[BUG]: Workers Using PCIe Instead Of NVLink On The Same Node

by ADMIN 61 views

[BUG]: workers using PCIe instead of NVLink on the same node

Describe the Bug

Understanding the Issue

When using Nsight System to monitor the transmission bandwidth utilization of a single request, it was observed that the bandwidth utilization of NVLink between two workers was 0. This led to speculation that PCIe might be used for transmission instead, as the bandwidth utilization of PCIe was not 0 at that time. This behavior is unexpected and may have significant implications for the performance and efficiency of the system.

The Importance of NVLink

NVLink is a high-speed interconnect technology that enables fast data transfer between GPUs on the same node. It is designed to provide low-latency and high-bandwidth communication between GPUs, making it an essential component of many high-performance computing applications.

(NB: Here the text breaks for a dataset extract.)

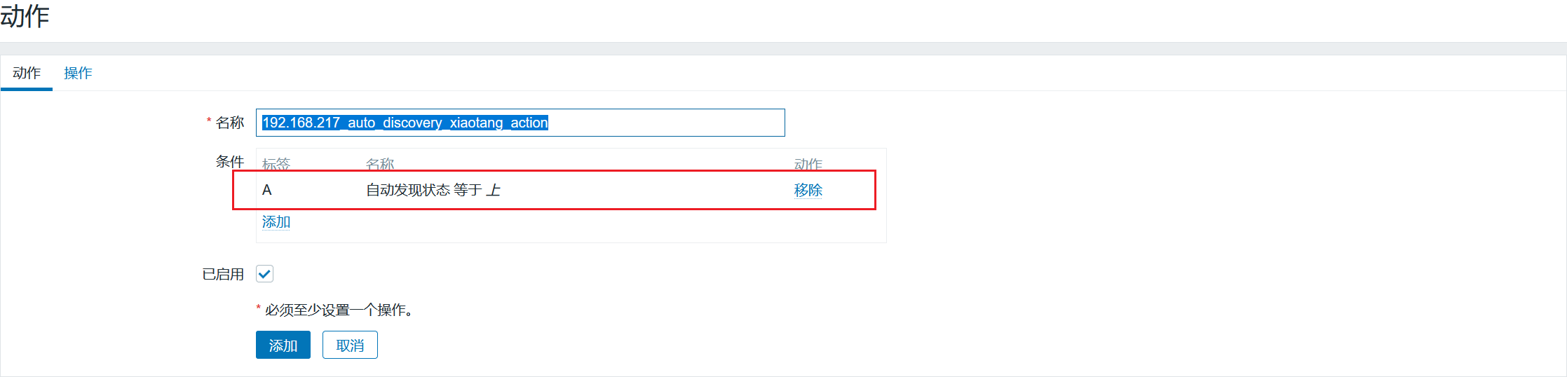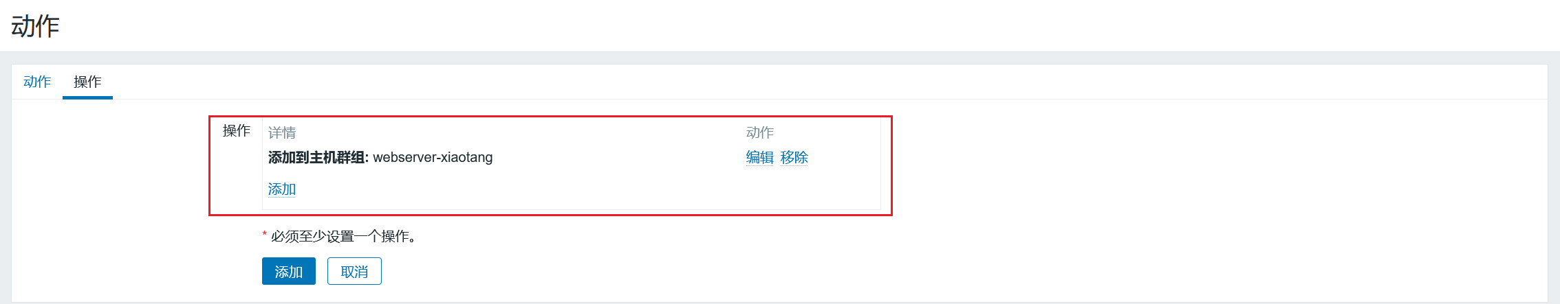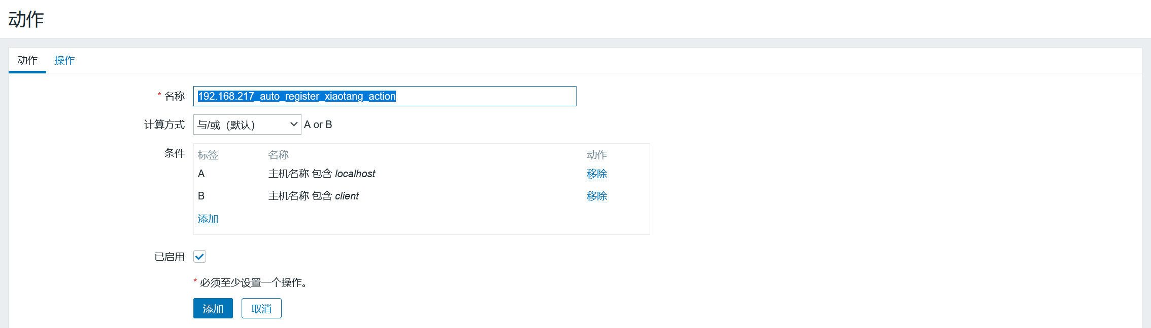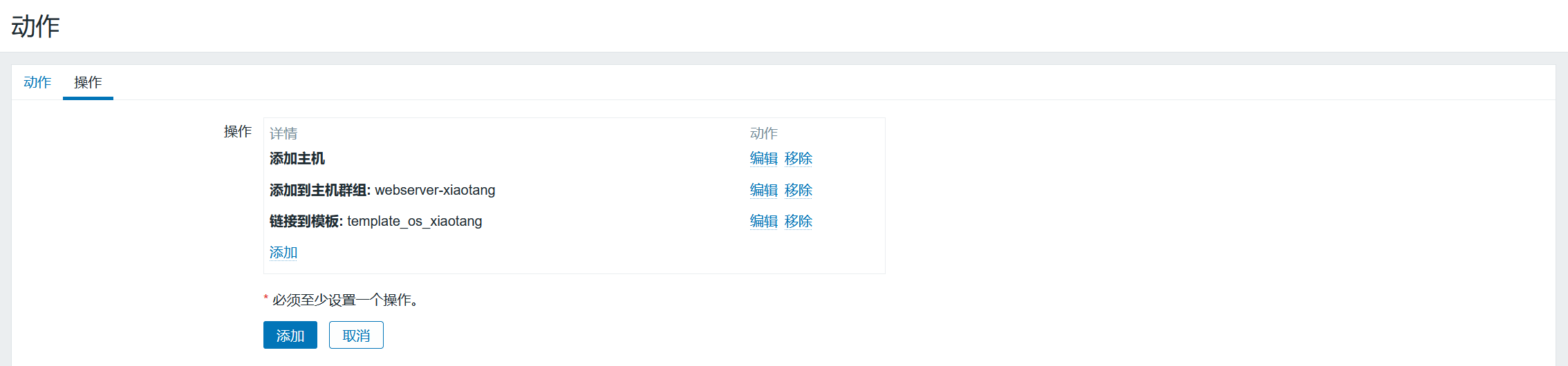 点击->操作配置,选择具体的操作类型:添加主机、添加到主机群组、与模板关联

In this case, the use of NVLink is critical for achieving optimal performance and efficiency in the system.

Steps to Reproduce

Reproducing the Issue

To reproduce the issue, the following configuration file was used:

Common:
  model: /models/Llama-3.1-8b-Instruct
  block-size: 64
  max-model-len: 3500
  router: kv
  kv-transfer-config: '{"kv_connector":"DynamoNixlConnector"}'

Frontend:
  served_model_name: Llama-3.1-8b-Instruct
  endpoint: dynamo.Processor.chat/completions
  port: 8000

Processor:
  common-configs: [model, block-size, max-model-len, router]

Router:
  min-workers: 1
  common-configs: [model]

VllmWorker:
  # max-num-batched-tokens: 3500
  remote-prefill: true
  conditional-disagg: false
  tensor-parallel-size: 1
  enable-prefix-caching: true
  ServiceArgs:
    workers: 1
    resources:
      gpu: 1
  common-configs: [model, block-size, max-model-len, router, kv-transfer-config]

PrefillWorker:
  max-num-batched-tokens: 3500
  gpu-memory-utilization: 0.98
  tensor-parallel-size: 1
  ServiceArgs:
    workers: 1
    resources:
      gpu: 1
  common-configs: [model, block-size, max-model-len, kv-transfer-config]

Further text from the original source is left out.